(Entries shown)

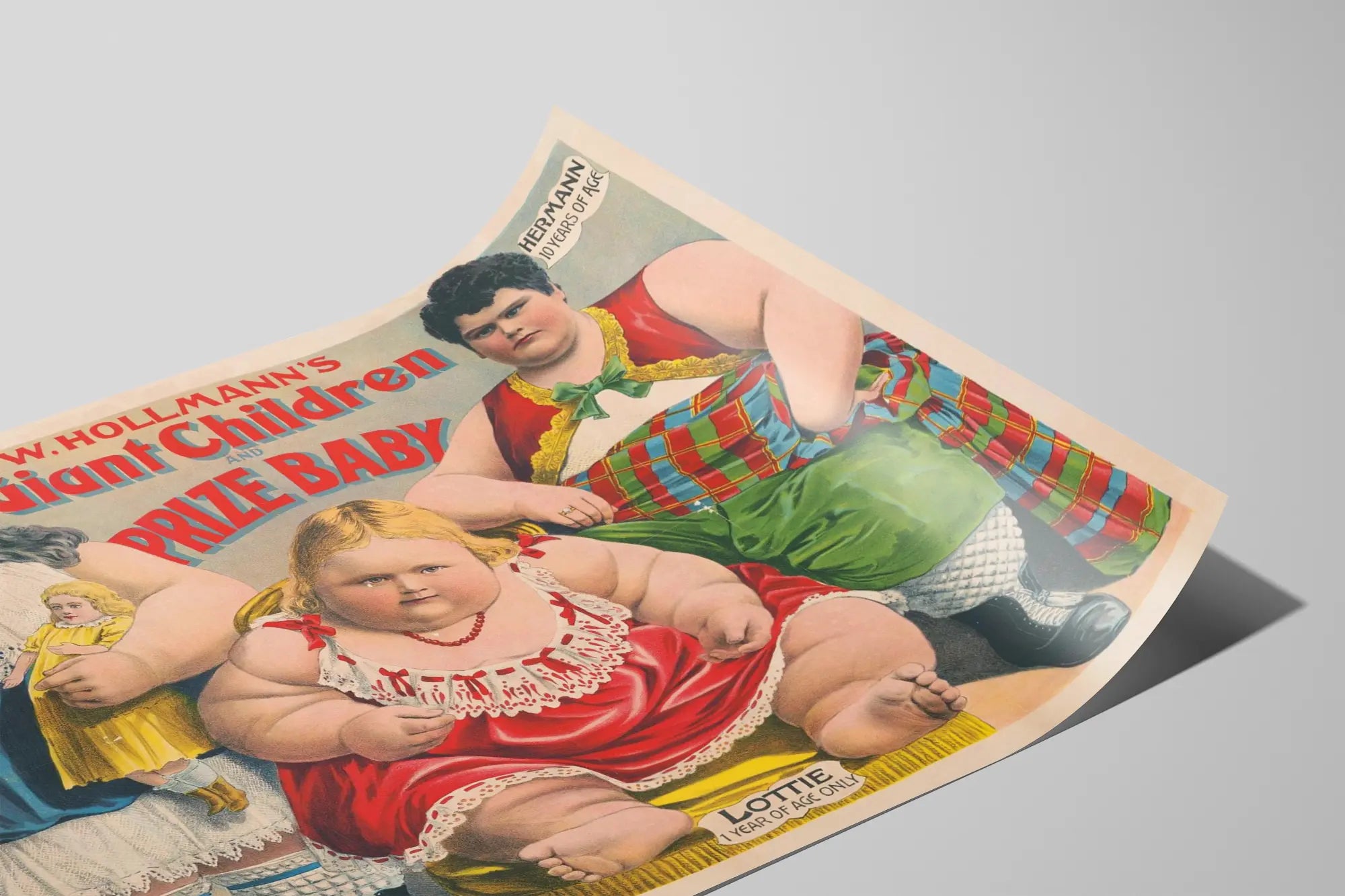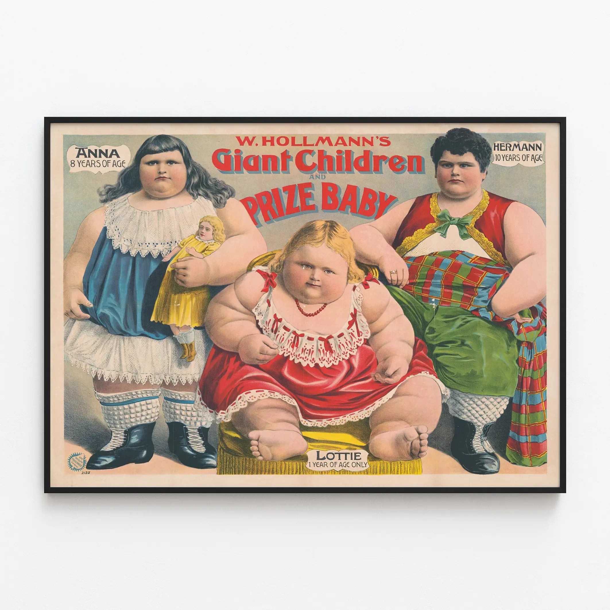 Tämä vintage juliste herättää kysymyksiä ja pohdintaa tivoliesityksistä tai markkinoista menneinä aikoina, joissa näitä poikkeuksellisia lapsia saattoi esitellä. Sen viehätys piilee sekä visuaalisessa vaikutuksessa että sisäisessä narratiivisessa ulottuvuudessa, mikä herättää uteliaisuutta kyseisestä ajasta ja näistä hahmoista.
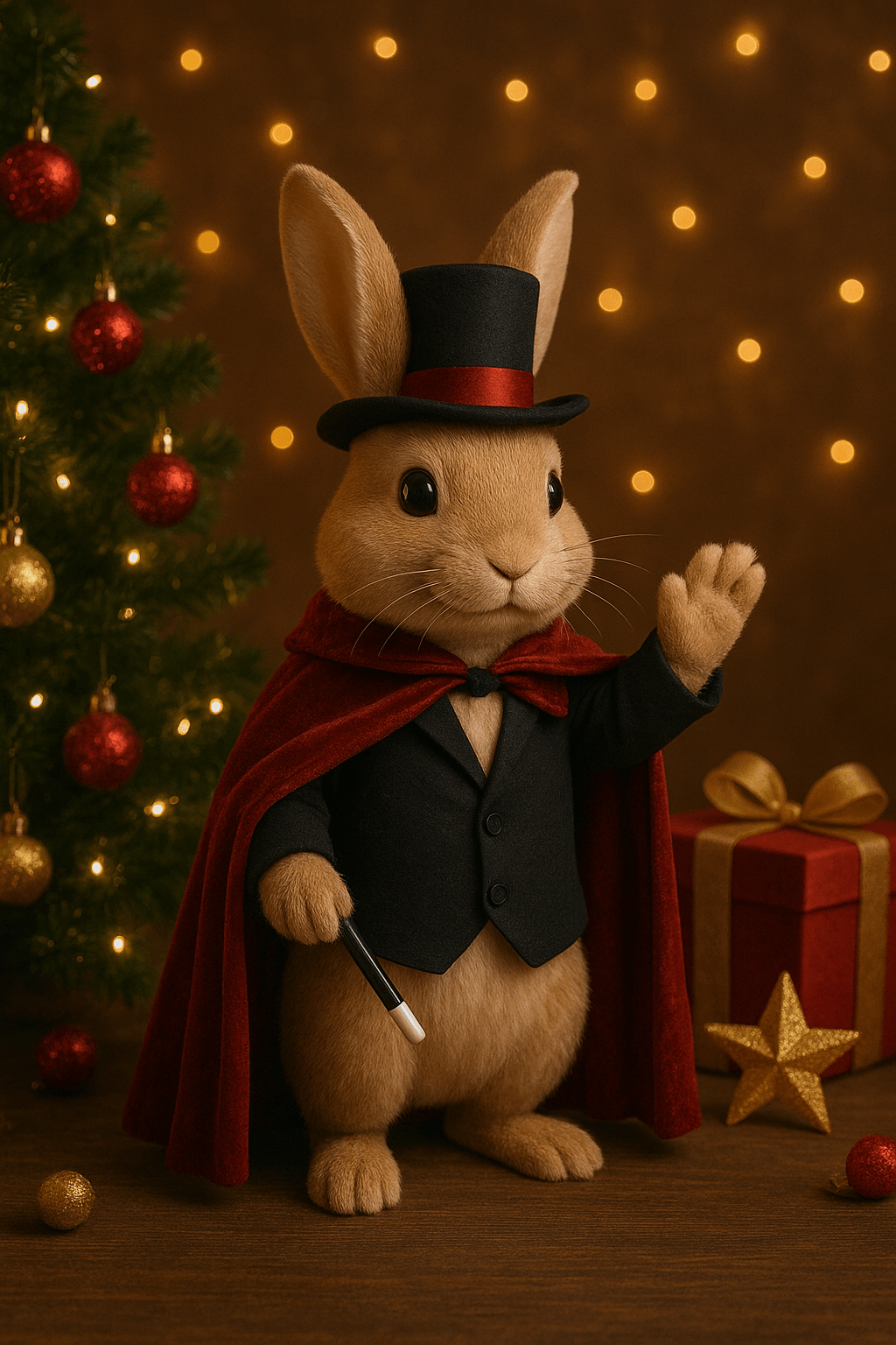 Zakoračite u svet praznične magije! Ova predstava nije samo niz trikova, to je interaktivno putovanje u svet ilizija,smeha i čarolije gde publika aktivno učestvuje u stvaranju magije na bini. Naš profesionalni mađioničar mališane će ostaviti bez daha svojim neverovatnim veštinama. Na samoj završnici pojavljuje se specijalni gost magični Zec. Ovaj mekani,razigrani prijatelj jedva čeka da se druži sa decom. Njegovo pojavljivanje je uvek trenutak čiste radosti i iznenađenja. Mališani će osetiti pravu magiju i upoznati najveselijeg Zeca u gradu.
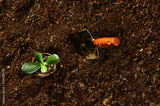 Planting a beautiful, green leaved plant on a natural, sandy soil backgroud. Camera from above, top view. Natural background for advertisements.
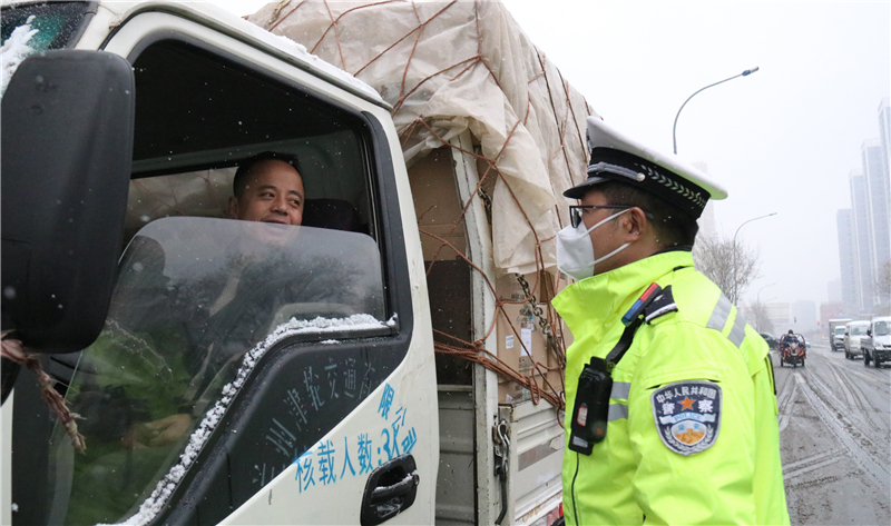 大隊(duì)領(lǐng)導(dǎo)實(shí)地查看道路通行情況,及時(shí)調(diào)整勤務(wù)模式和警力部署,確保降雪天氣各項(xiàng)安全“防控”措施落實(shí)到位。民輔警全員上路,強(qiáng)化重點(diǎn)路段巡邏管控和主要路口值守,對(duì)不具備通行條件車輛進(jìn)行勸返或提示繞行。通過(guò)鳴笛、喊話、閃爍警燈等措施,提醒駕駛員裝配防滑鏈,減緩車速、保持安全車距、注意觀察路面通行情況,引導(dǎo)車輛和行人安全有序通行。
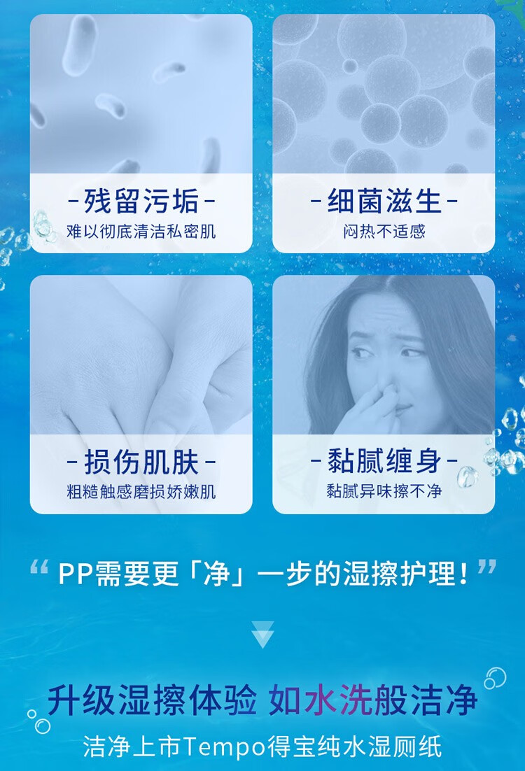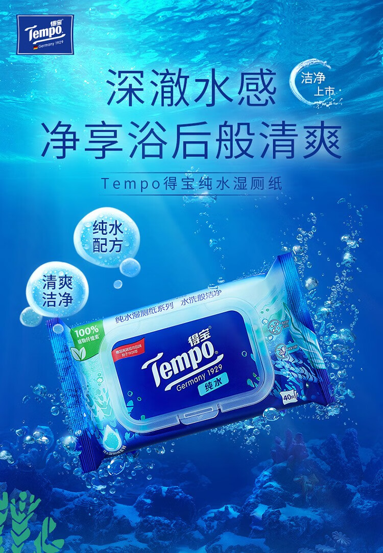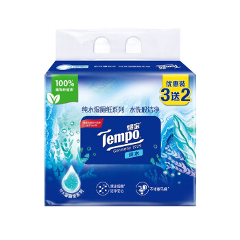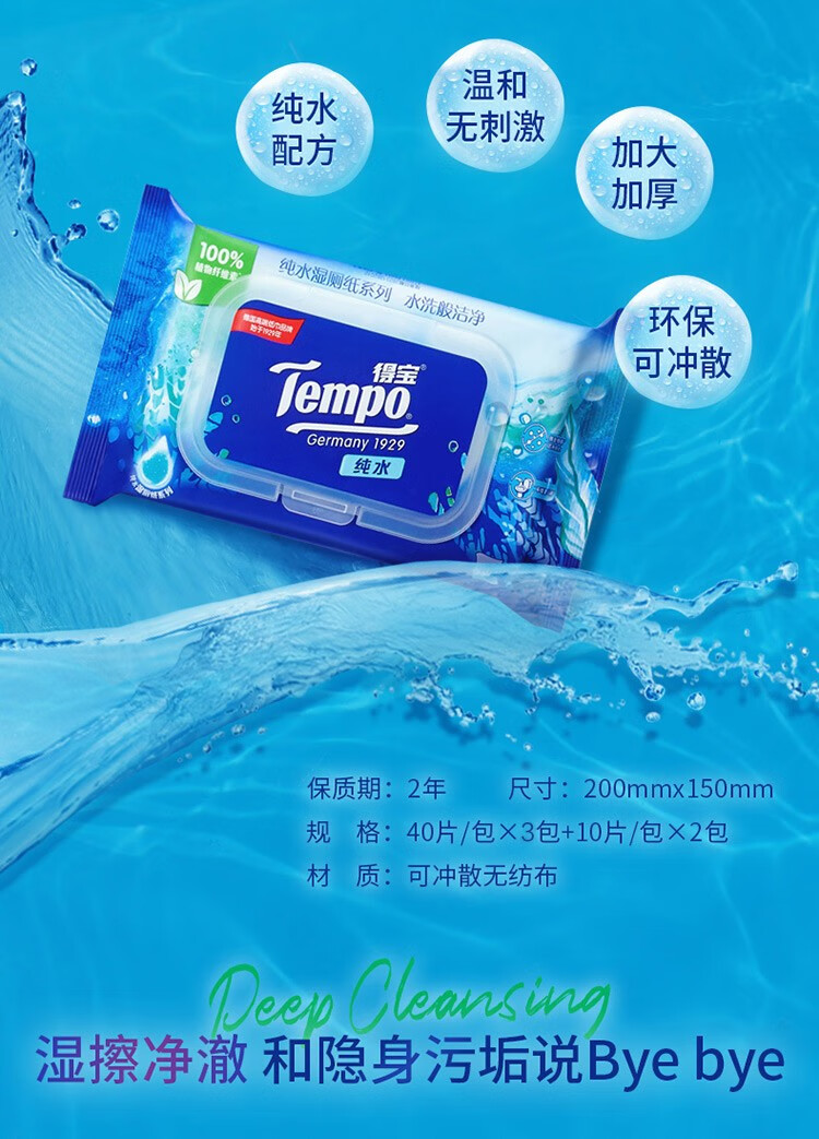 得宝(TEMPO)纯水可降解洁厕湿巾私处清洁湿厕纸40片3包+10片2包单提组合装
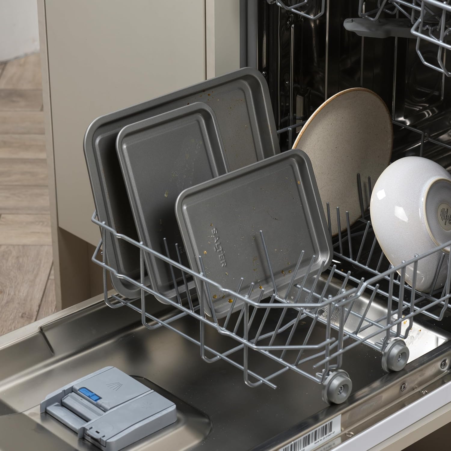 Crafted in the UK, this Salter Essentials 3-piece baking tray set is your go-to for perfect bakes every time. Perfect for making fresh snacks and sides, these oven sheets boast a durable carbon steel construction, offering exceptional heat distribution and longevity. Thanks to the non-stick coating, the trays ensure effortless food release and are easy to clean

(End Entries shown)

> _What is expected_:
Leave every image out, and retype the material exactly.

> _Output for this exercise_:
 Tämä vintage juliste herättää kysymyksiä ja pohdintaa tivoliesityksistä tai markkinoista menneinä aikoina, joissa näitä poikkeuksellisia lapsia saattoi esitellä. Sen viehätys piilee sekä visuaalisessa vaikutuksessa että sisäisessä narratiivisessa ulottuvuudessa, mikä herättää uteliaisuutta kyseisestä ajasta ja näistä hahmoista.
 Zakoračite u svet praznične magije! Ova predstava nije samo niz trikova, to je interaktivno putovanje u svet ilizija,smeha i čarolije gde publika aktivno učestvuje u stvaranju magije na bini. Naš profesionalni mađioničar mališane će ostaviti bez daha svojim neverovatnim veštinama. Na samoj završnici pojavljuje se specijalni gost magični Zec. Ovaj mekani,razigrani prijatelj jedva čeka da se druži sa decom. Njegovo pojavljivanje je uvek trenutak čiste radosti i iznenađenja. Mališani će osetiti pravu magiju i upoznati najveselijeg Zeca u gradu.
 Planting a beautiful, green leaved plant on a natural, sandy soil backgroud. Camera from above, top view. Natural background for advertisements.
 大隊(duì)領(lǐng)導(dǎo)實(shí)地查看道路通行情況,及時(shí)調(diào)整勤務(wù)模式和警力部署,確保降雪天氣各項(xiàng)安全“防控”措施落實(shí)到位。民輔警全員上路,強(qiáng)化重點(diǎn)路段巡邏管控和主要路口值守,對(duì)不具備通行條件車輛進(jìn)行勸返或提示繞行。通過(guò)鳴笛、喊話、閃爍警燈等措施,提醒駕駛員裝配防滑鏈,減緩車速、保持安全車距、注意觀察路面通行情況,引導(dǎo)車輛和行人安全有序通行。
 得宝(TEMPO)纯水可降解洁厕湿巾私处清洁湿厕纸40片3包+10片2包单提组合装
 Crafted in the UK, this Salter Essentials 3-piece baking tray set is your go-to for perfect bakes every time. Perfect for making fresh snacks and sides, these oven sheets boast a durable carbon steel construction, offering exceptional heat distribution and longevity. Thanks to the non-stick coating, the trays ensure effortless food release and are easy to clean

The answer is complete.